── DATA PROVIDED
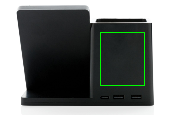 10W trådlös snabbladdare med pennhållare tillverkad av RCS (Recycled Claim Standard) certifierad återvunnen ABS. Totalt återvunnet innehåll: 78% baserat på total produktvikt. RCS certifiering säkerställer en helt certifierad leveranskedja av de återvunna materialen. Den trådlösa laddningsytan är i FSC 100 bambu. Med två USB portar på baksidan för laddning via kabel. Trådlös laddning kompatibel med senaste generationen Android, iPhone 8 och upp. Produkt och accessoarer är PVC-fria. 120cm lång type C laddningskabel i RCS certifierad återvunnen TPE medföljer. Levereras i FSC mix kraft förpackning. Type-C Input 5V/2A; 9V/2A; trådlös output 5V/1A;9V/1.1A; (10W) Registrerad design®
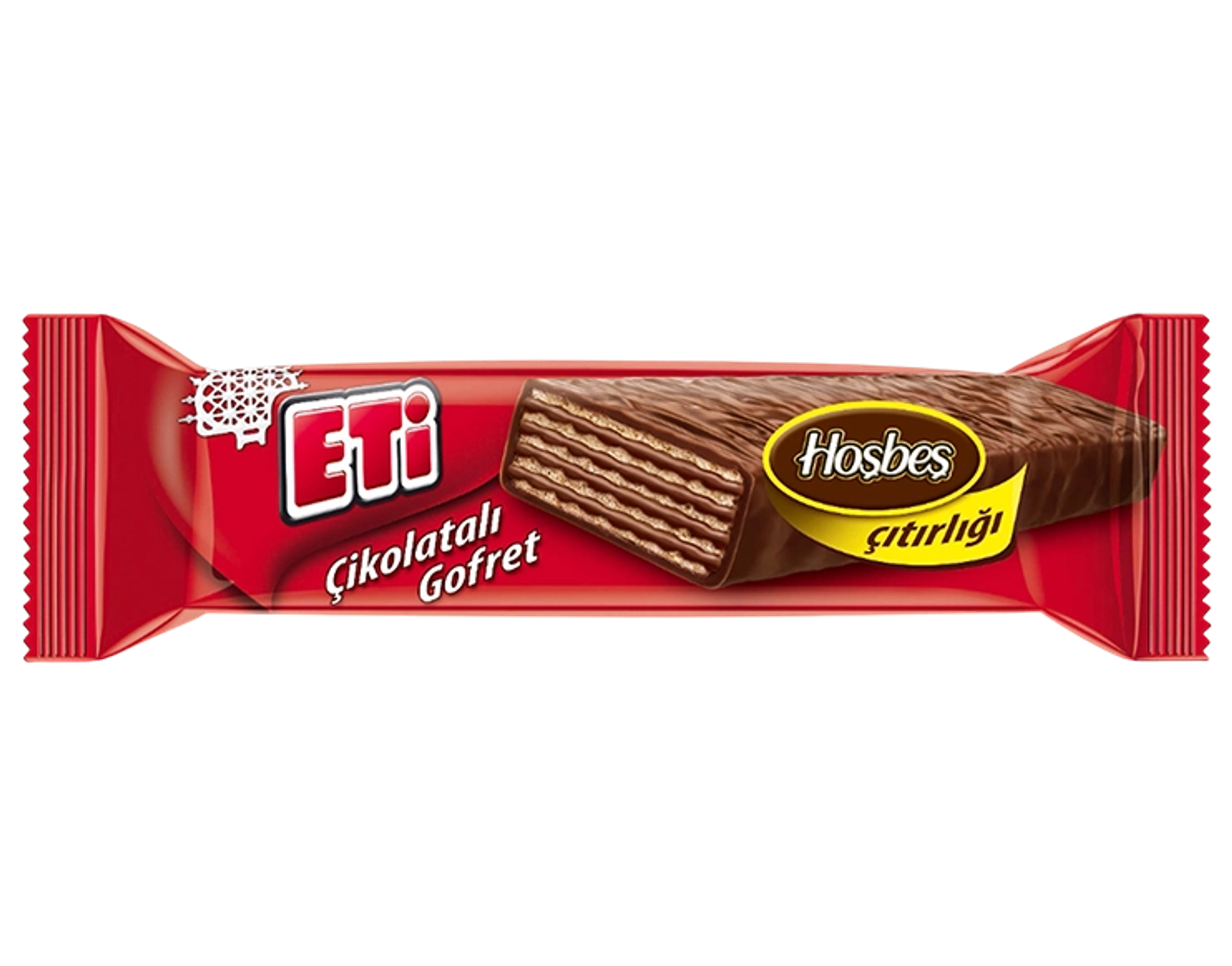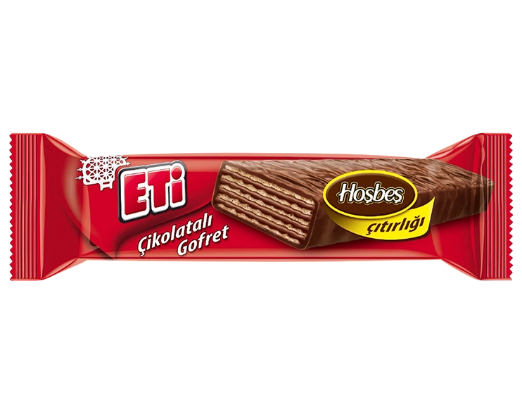 İçinde Hosbes’in incecik, çıtır çıtır gofret yaprakları, dışında nefis sütlü çikolata! Herkese var dedirten lezzet, ETi Çikolatalı Gofret.
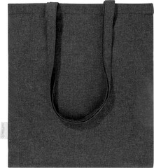 Nákupní taška s dlouhými uchy ze 70 % recyklované bavlny a 30 % RPET polyesteru, 140 g/m2. S výraznou etiketou o recyklované bavlně.
────
Copy each line above precisely, dropping the pictures.

ANSWER SECTION »
 10W trådlös snabbladdare med pennhållare tillverkad av RCS (Recycled Claim Standard) certifierad återvunnen ABS. Totalt återvunnet innehåll: 78% baserat på total produktvikt. RCS certifiering säkerställer en helt certifierad leveranskedja av de återvunna materialen. Den trådlösa laddningsytan är i FSC 100 bambu. Med två USB portar på baksidan för laddning via kabel. Trådlös laddning kompatibel med senaste generationen Android, iPhone 8 och upp. Produkt och accessoarer är PVC-fria. 120cm lång type C laddningskabel i RCS certifierad återvunnen TPE medföljer. Levereras i FSC mix kraft förpackning. Type-C Input 5V/2A; 9V/2A; trådlös output 5V/1A;9V/1.1A; (10W) Registrerad design®
 İçinde Hosbes’in incecik, çıtır çıtır gofret yaprakları, dışında nefis sütlü çikolata! Herkese var dedirten lezzet, ETi Çikolatalı Gofret.
 Nákupní taška s dlouhými uchy ze 70 % recyklované bavlny a 30 % RPET polyesteru, 140 g/m2. S výraznou etiketou o recyklované bavlně.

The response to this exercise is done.